Exercise details ▸ Exactly the lines from the one containing "為了進(jìn)一步提高甘肅" through the one containing "Por outro lado, nas" in the listing below are to be copied, with the pictures left out.

---- Given records

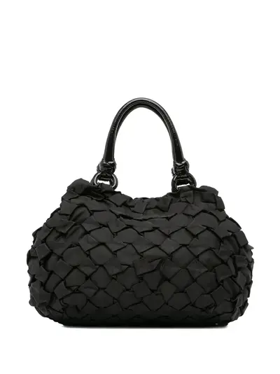 weave nylon body rolled patent leather handles magnetic snap button closure interior zip and slip pockets black This item has no inclusions. Condition: GOOD. This previously owned and used item is in good condition with minimal signs of use. This may include fading of material or plating and scratches. Please refer to the photos on this product page for a detailed view of the item, including any damages declared.
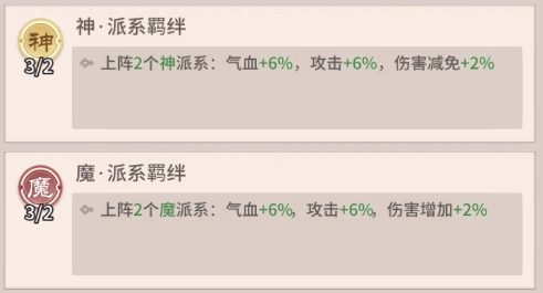阵容羁绊说明如下:当战场上有2位神派系角色同时出战时,全体角色将获得6%的气血提升、6%的攻击加成以及2%的伤害减免效果;若战场上同时有2位魔派系角色上阵,则全体角色可享受到6%的气血加成、6%的攻击提升与2%的伤害增加效果。
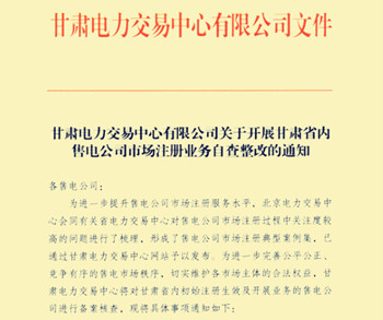 為了進(jìn)一步提高甘肅售電公司市場注冊服務(wù)水平,讓售電市場更加公平有序,維護(hù)售電市場主體的合法利益,甘肅電力交易中心將對省內(nèi)初始注冊生效及開展業(yè)務(wù)的售電公司進(jìn)行備案核查,售電公司開展自查整改工作。
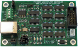 The Precision Laser On/Off Controller is user programmable via USB, RS-232 or optional SPI interface. It can signal your laser via a TTL, Open collector or Opto isolated I/O line.
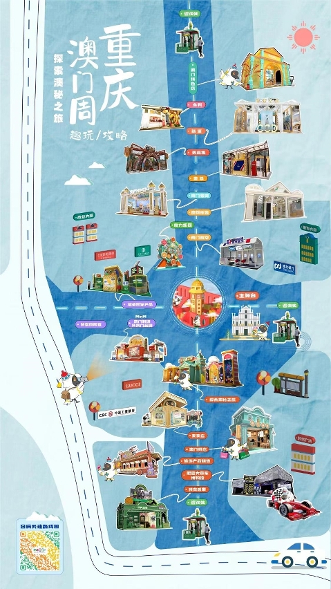 Por outro lado, nas paredes exteriores do Edifício Comercial, do Centro Financeiro Falcão Dourado e do Centro Comercial de Chongqing, localizados na praça de Jiefangbei, há publicidade com elementos de “turismo +”, enquanto que o Centro Financeiro Mundial de Chongqing dispõe de uma cortina de luz a divulgar o tema “Macau cidade apelativa, segura e apropriada para visitar”.
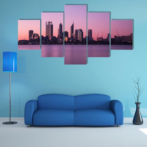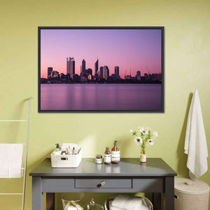 Cityscape In Perth shows a tranquil dusk skyline along the waterfront, with buildings and soft reflections on calm water. Muted purples, pinks and blues give it a modern, minimalist feel that works well in contemporary living rooms or bedrooms.
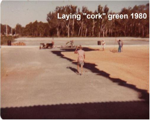 GRASS GREENS EVENTUALLY REPLACED THE CORK SURFACE, AND DESPITE OPPOSITION BY SOME PEOPLE TO THE CLEARING OF THE TREES, EVERY EFFORT WAS MADE TO BEAUTIFY THE AREA, WITH COUNCIL COMMENDING THE CLUB FOR THE WORK CARRIED OUT IN THE DEVELOPMENT OF THE CLUB.

--------

Solution to this problem ▸
 為了進(jìn)一步提高甘肅售電公司市場注冊服務(wù)水平,讓售電市場更加公平有序,維護(hù)售電市場主體的合法利益,甘肅電力交易中心將對省內(nèi)初始注冊生效及開展業(yè)務(wù)的售電公司進(jìn)行備案核查,售電公司開展自查整改工作。
 The Precision Laser On/Off Controller is user programmable via USB, RS-232 or optional SPI interface. It can signal your laser via a TTL, Open collector or Opto isolated I/O line.
 Por outro lado, nas paredes exteriores do Edifício Comercial, do Centro Financeiro Falcão Dourado e do Centro Comercial de Chongqing, localizados na praça de Jiefangbei, há publicidade com elementos de “turismo +”, enquanto que o Centro Financeiro Mundial de Chongqing dispõe de uma cortina de luz a divulgar o tema “Macau cidade apelativa, segura e apropriada para visitar”.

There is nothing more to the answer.